## TASK DETAILS
With the pictures left out, retype exactly the lines below starting at the line that contains "A vibrant ceramic" and ending at the line that contains "Qualche fiocco anche".

## GIVEN INFORMATION
== Segment start ==

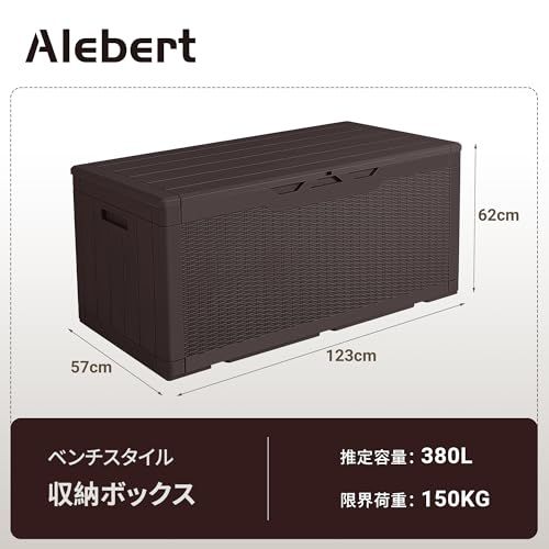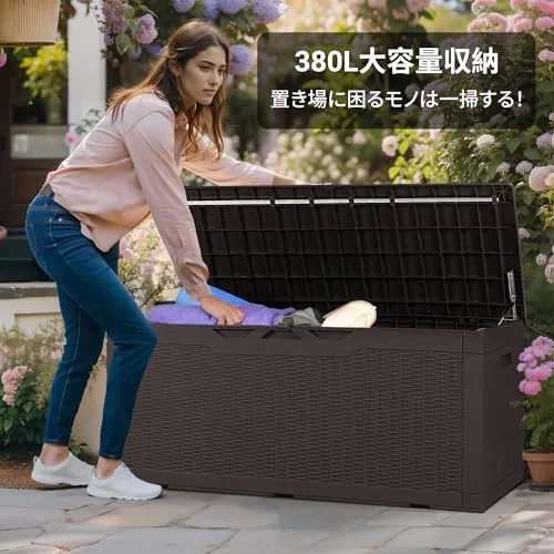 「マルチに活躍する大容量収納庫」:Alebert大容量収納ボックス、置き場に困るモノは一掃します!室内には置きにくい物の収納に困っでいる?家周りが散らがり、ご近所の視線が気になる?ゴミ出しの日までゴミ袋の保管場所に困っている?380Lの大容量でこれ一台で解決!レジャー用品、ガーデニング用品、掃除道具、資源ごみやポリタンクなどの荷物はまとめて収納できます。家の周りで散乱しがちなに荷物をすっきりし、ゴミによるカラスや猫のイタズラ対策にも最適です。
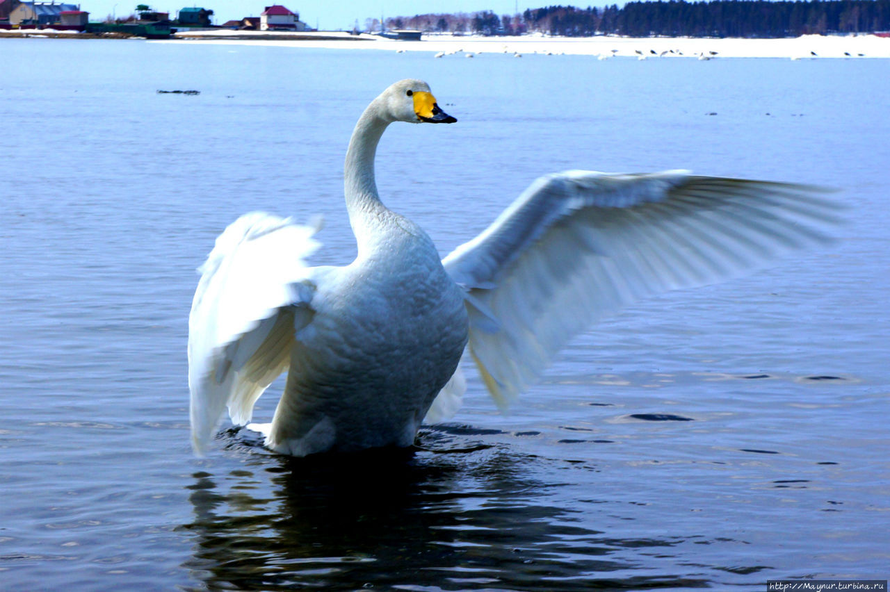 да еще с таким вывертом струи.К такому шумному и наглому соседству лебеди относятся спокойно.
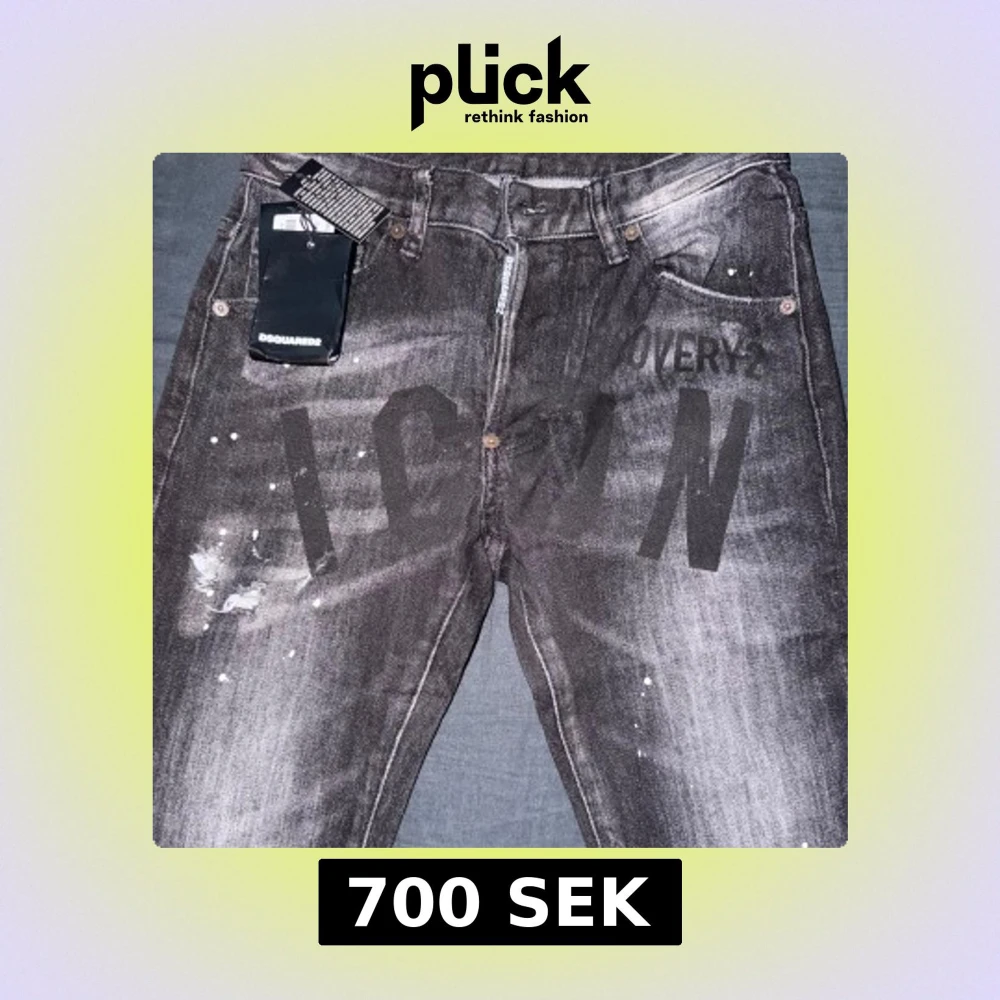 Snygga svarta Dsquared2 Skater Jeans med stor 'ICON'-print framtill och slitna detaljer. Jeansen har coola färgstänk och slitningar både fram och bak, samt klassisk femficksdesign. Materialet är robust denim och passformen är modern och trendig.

== Segment end ==
== Segment start ==

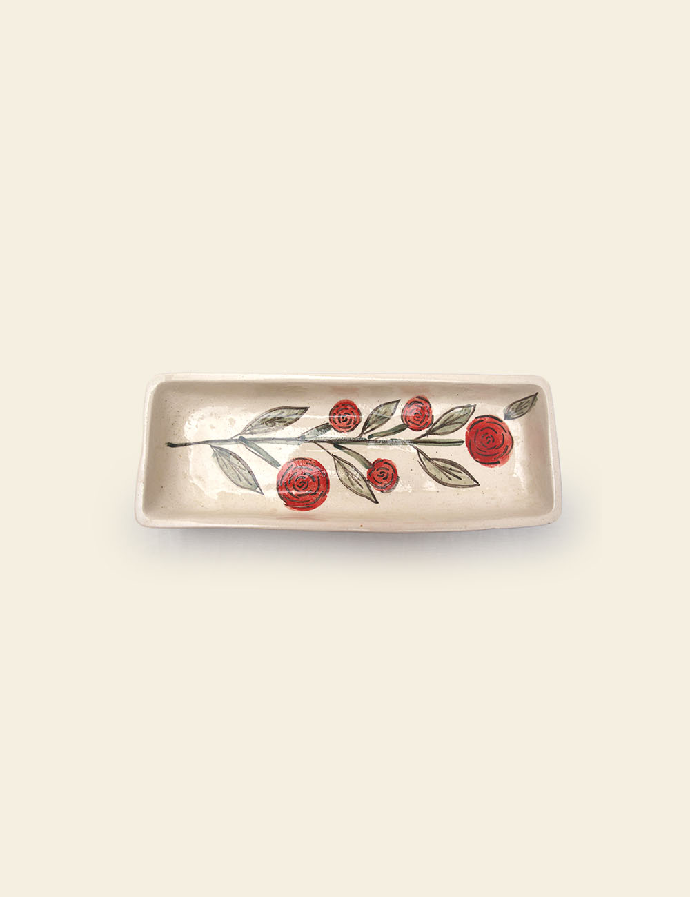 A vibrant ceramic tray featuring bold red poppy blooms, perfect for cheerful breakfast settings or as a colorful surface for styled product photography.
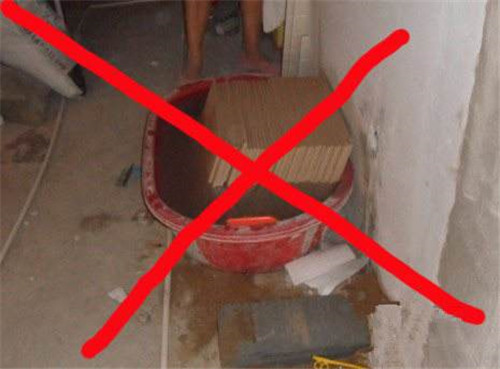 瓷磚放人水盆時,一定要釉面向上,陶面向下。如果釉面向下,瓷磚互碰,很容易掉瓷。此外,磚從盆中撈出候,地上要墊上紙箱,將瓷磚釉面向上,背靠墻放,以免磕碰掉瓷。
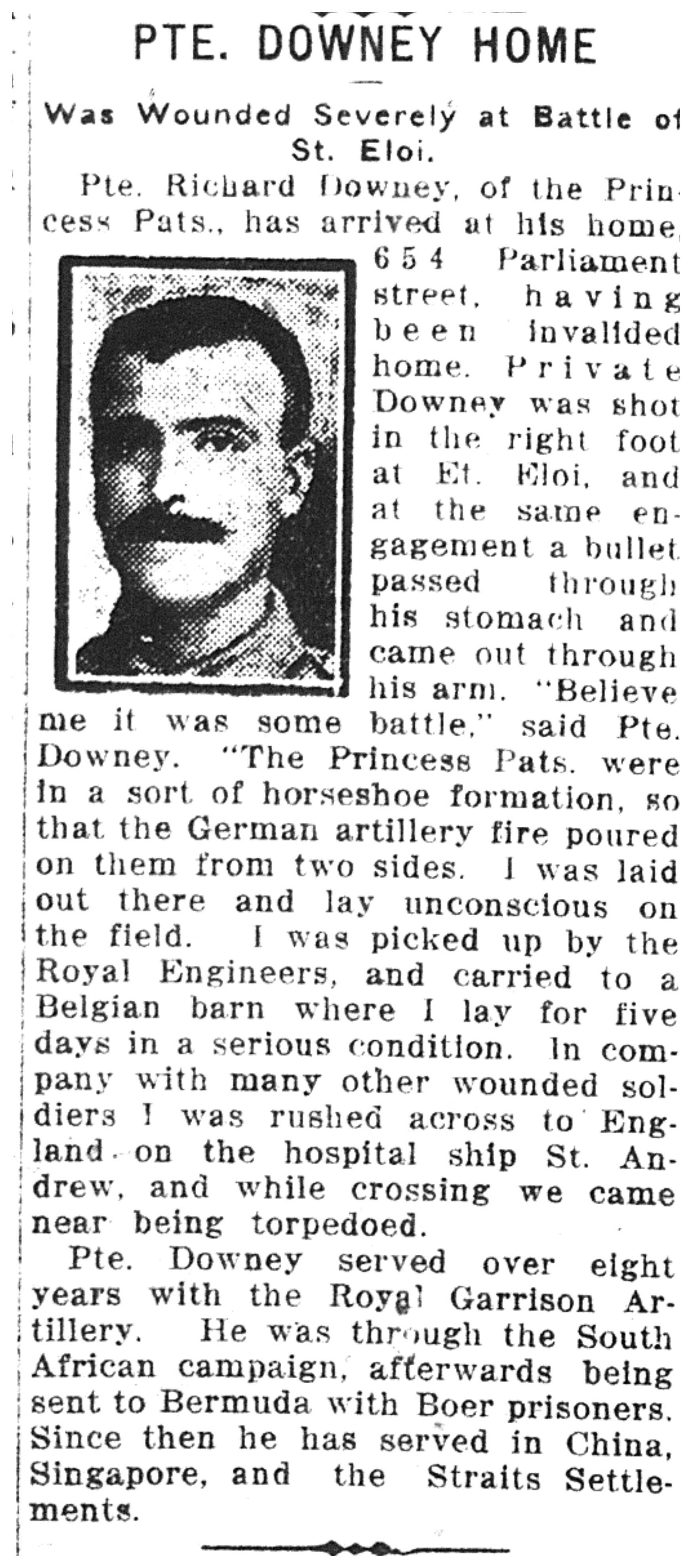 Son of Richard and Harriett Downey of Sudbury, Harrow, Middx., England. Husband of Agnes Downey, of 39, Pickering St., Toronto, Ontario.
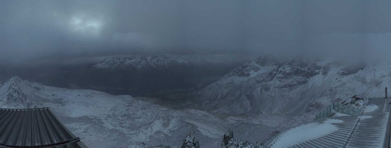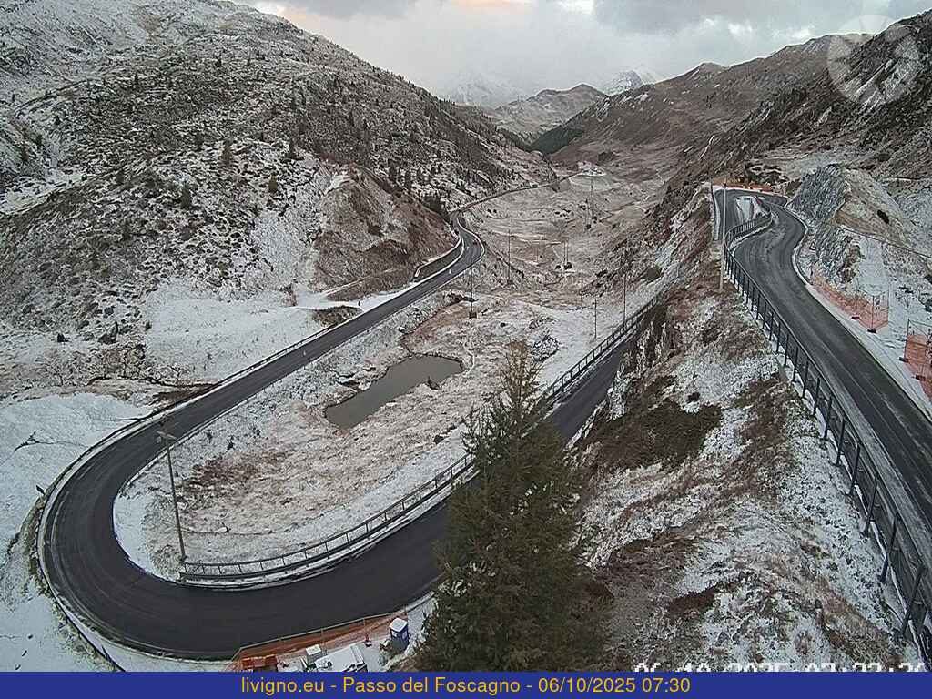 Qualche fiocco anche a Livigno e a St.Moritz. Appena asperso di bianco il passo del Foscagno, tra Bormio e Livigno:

== Segment end ==
== Segment start ==

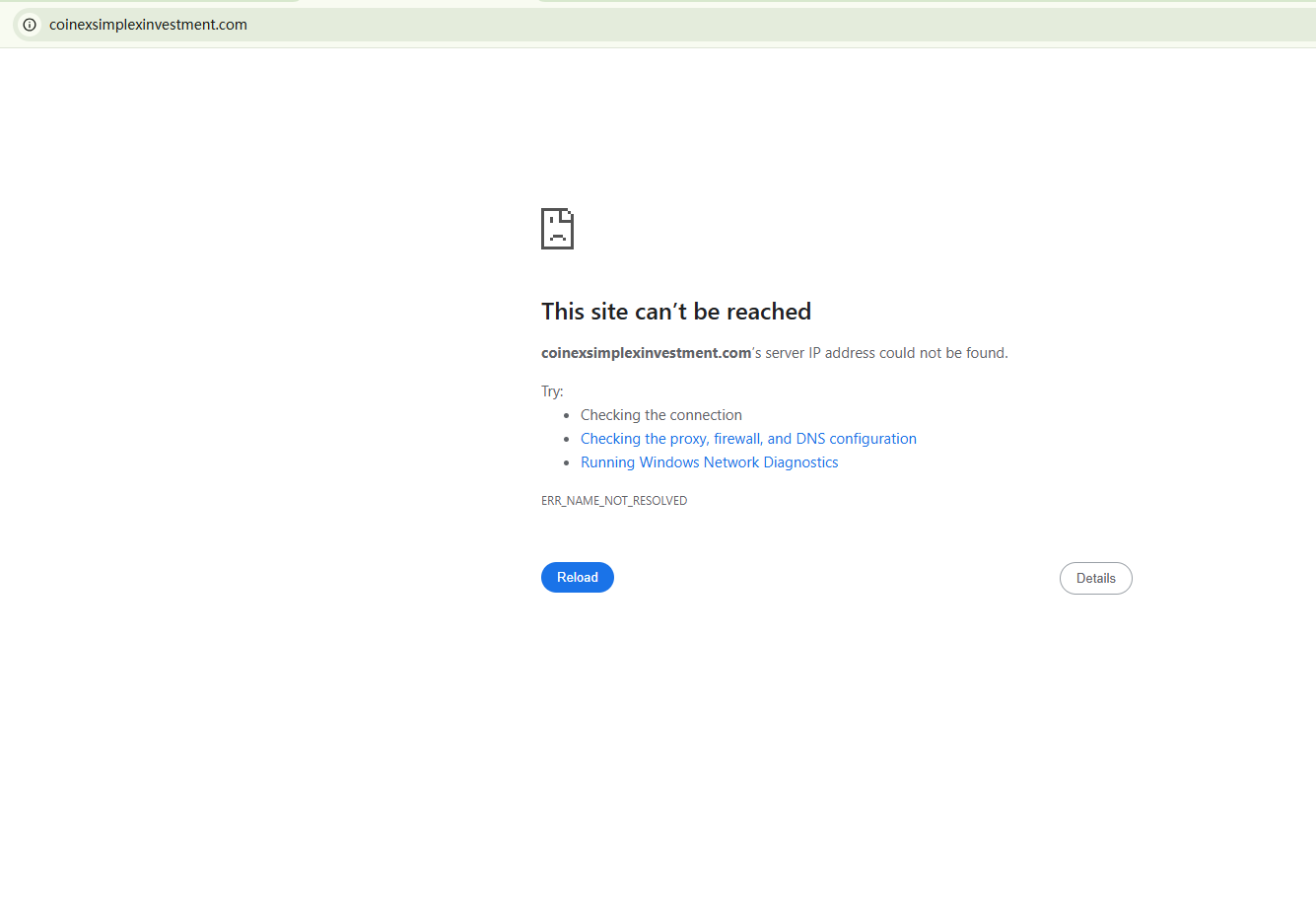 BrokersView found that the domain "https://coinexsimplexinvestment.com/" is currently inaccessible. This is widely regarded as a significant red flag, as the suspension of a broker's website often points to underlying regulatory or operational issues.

== Segment end ==

## WRITTEN ANSWER
 A vibrant ceramic tray featuring bold red poppy blooms, perfect for cheerful breakfast settings or as a colorful surface for styled product photography.
 瓷磚放人水盆時,一定要釉面向上,陶面向下。如果釉面向下,瓷磚互碰,很容易掉瓷。此外,磚從盆中撈出候,地上要墊上紙箱,將瓷磚釉面向上,背靠墻放,以免磕碰掉瓷。
 Son of Richard and Harriett Downey of Sudbury, Harrow, Middx., England. Husband of Agnes Downey, of 39, Pickering St., Toronto, Ontario.
 Qualche fiocco anche a Livigno e a St.Moritz. Appena asperso di bianco il passo del Foscagno, tra Bormio e Livigno:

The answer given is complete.